Besides, Codility has a hidden agenda. I was once interviewing a guy for a programmer position. He seemed OK and had several years of experience, but after programming exercises I was sure that he is an "absolute no." He left and I grabbed his CV to have a look again. I was curious how he survived several years in programming jobs and I froze in horror - the guy worked on the software for medical systems. The hidden agenda of Codility is to raise the standards to prevent similar hazards.

Or perhaps he just faked the medical systems job, so that we get scared and hire him to limit the damage?

Codility genesis

Tuesday, August 4, 2009

If you point your browser to websites like zhaopin.com or 51job.cn you will see lots of boxes with logos and links to job offers. In May 2005 one of these boxes had a logo of Exoweb (at that time a small Beijing-based outsourcing business), and at the other end of the hyperlink Ken, Bjørn and myself were waiting for candidates. Several weeks earlier Exoweb landed a promising contract with a Norwegian customer and was hungry for programmers. Hungry, nevertheless picky. Quality mattered.

We decided to adopt quality measures outlined in Joel Spolsky's Guerilla Guide to Inverviewing. In particular, we were running independent interviews (up to 3 tech interviews per candidate) and we were diligently checking whether candidates can actually write correct code. The overwhelming majority could not. It quickly occurred that we were spending long hours in interviews, but the gain was less than modest.

Beijing is a great city and there are more exciting things to do than interviewing programmers who cannot write programs. We had strong motivation to figure out a way to improve the process. The inspiration came from Olympiad in Informatics, the ultimate programming competition for high-school students. I had some experience with Polish chapter of the Olympiad and I was aware that this institution has been employing automated tools for assessing solutions of programming problems since 1990s. I decided to adopt similar means to screening job candidates.
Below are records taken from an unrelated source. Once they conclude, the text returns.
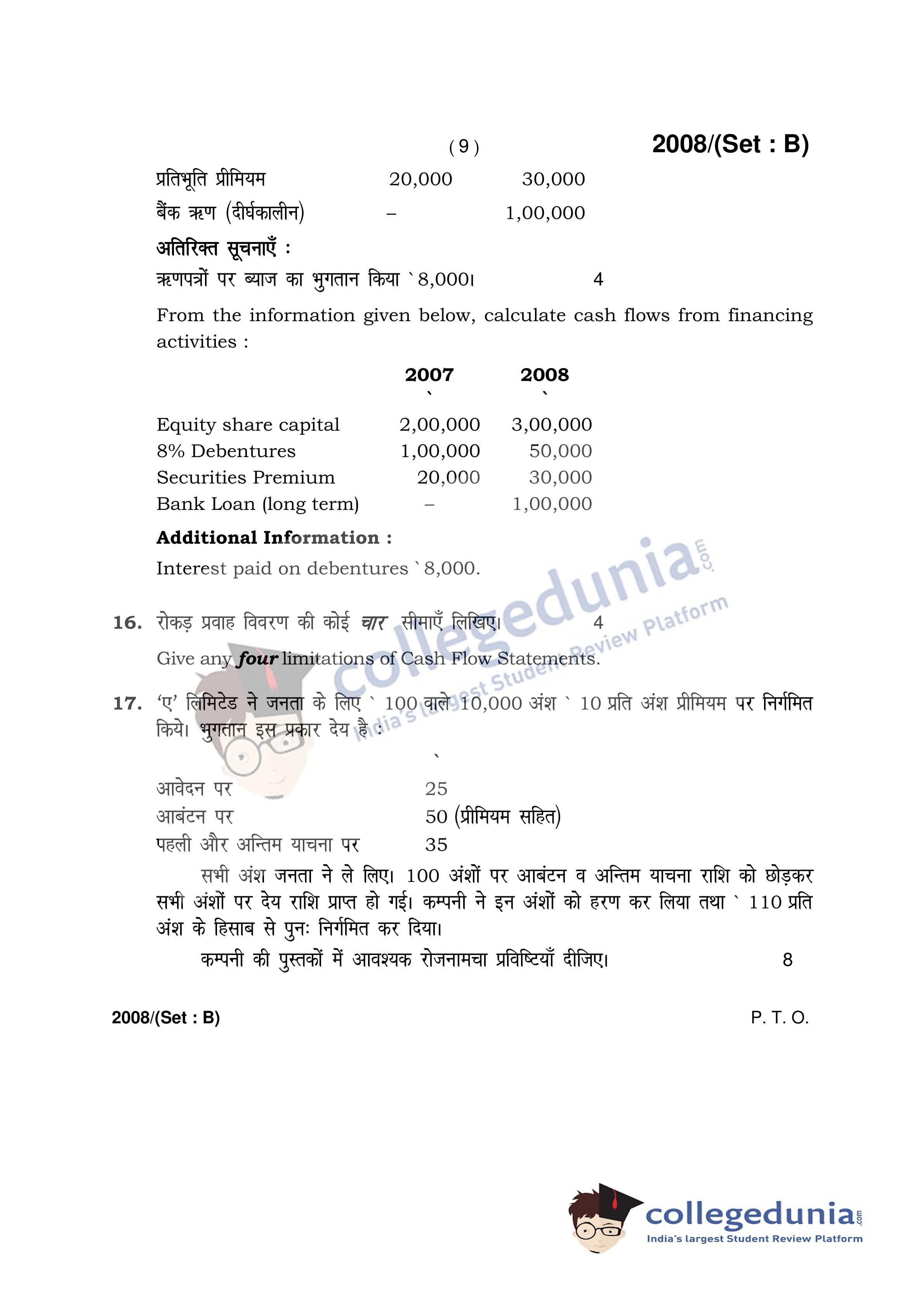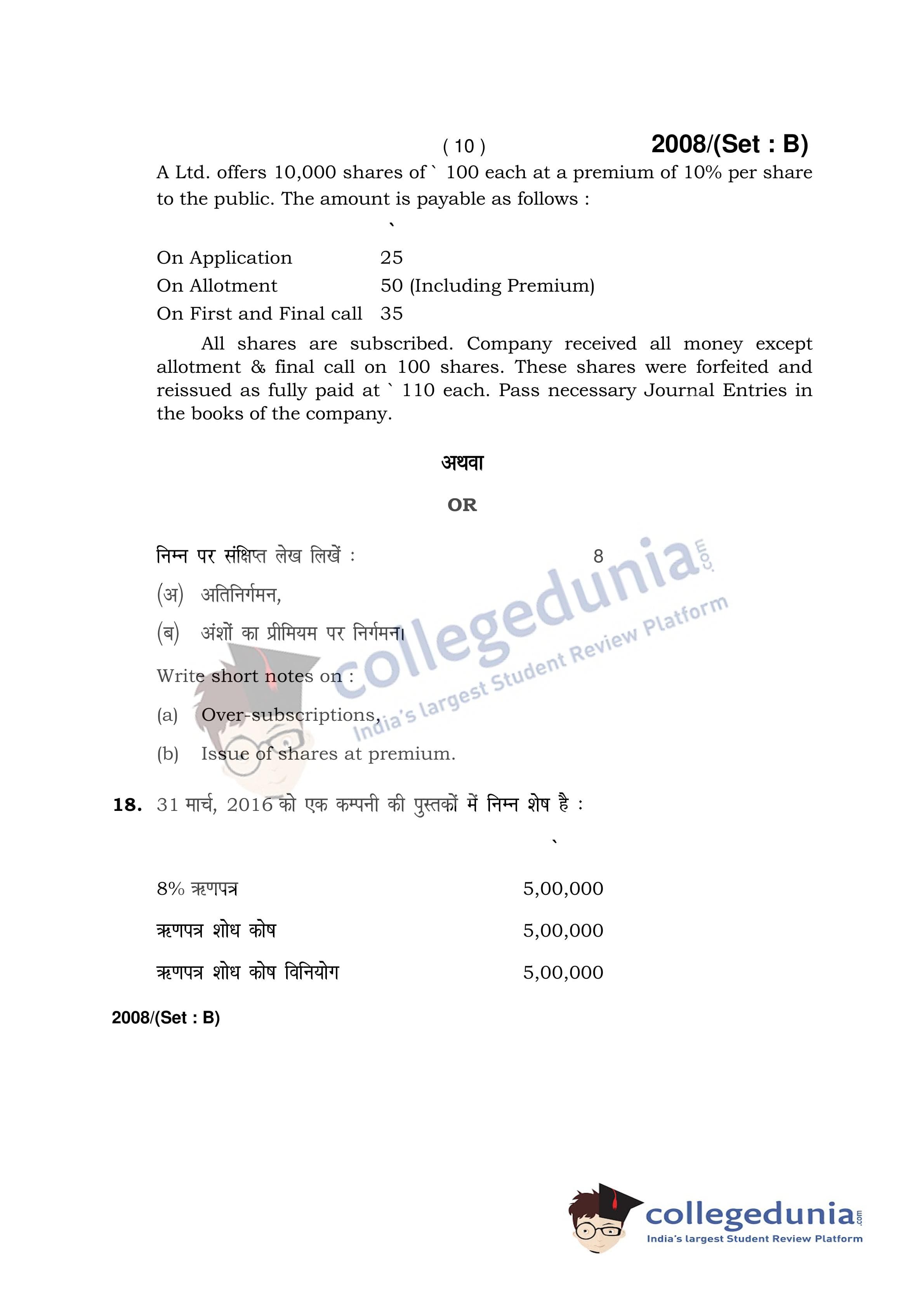 HBSE Class 12 Accountancy Set B Question Paper 2017 with Answer Key (March 31)
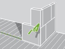 - Déposez de la colle à l'aide d'une truelle, entre les deux traits au sol, ainsi qu'à l'intérieur de la saignée du mur.
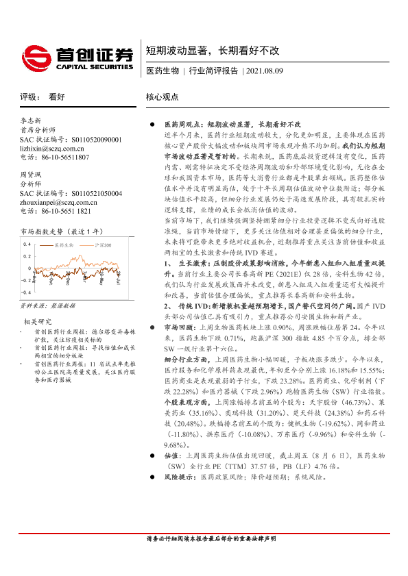 【首创证券】【20210809】医药生物行业简评报告:短期波动显著,长期看好不改-10页
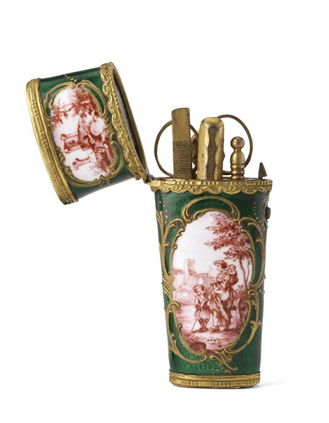 Arte francese, fine secolo XVIII. Etui in bronzo e smalti verdi a grisaille raf

Ken and Bjørn were a bit skeptical about the amount of work that had to be invested, but surely interested in freeing up some of their time on Interview Saturdays. I hacked up an automated evaluator called Exobench and we have set up one machine as a workstation for candidates. From now on, every candidate had to sit in front of a computer and deliver a solution of one simple programming problem using a set of standard programming tools (editor + compiler). Our HR person later ran the automated evaluator to determine whether the candidate goes home or stays for tech interviews.

We quickly noticed that only 1 in 10 candidates was passing the programming test. We were reviewing the solutions of the rejected candidates to make sure we don't throw out the baby with the bath water, but we were increasingly positive that persons unable to get few lines of code straight should never tinker with our complex distributed web application.

When I was leaving Exoweb 2.5 years later, I took a final look at stats. Around that time we have had screened 2500, interviewed 250, hired 50 (I rounded a bit, but the actual numbers were close). Given that we usually organized two to three independent tech interviews per candidate, the automation saved something between 4 and 7 thousands hours of Senior Engineer time.

Based on my experience with Exobench, the team at Enpoka.com created Codility, an on-line system for programming skills assessment. In 2009 Exoweb introduced Codility to its hiring process, becoming our first large customer generating 1200+ evaluations per month.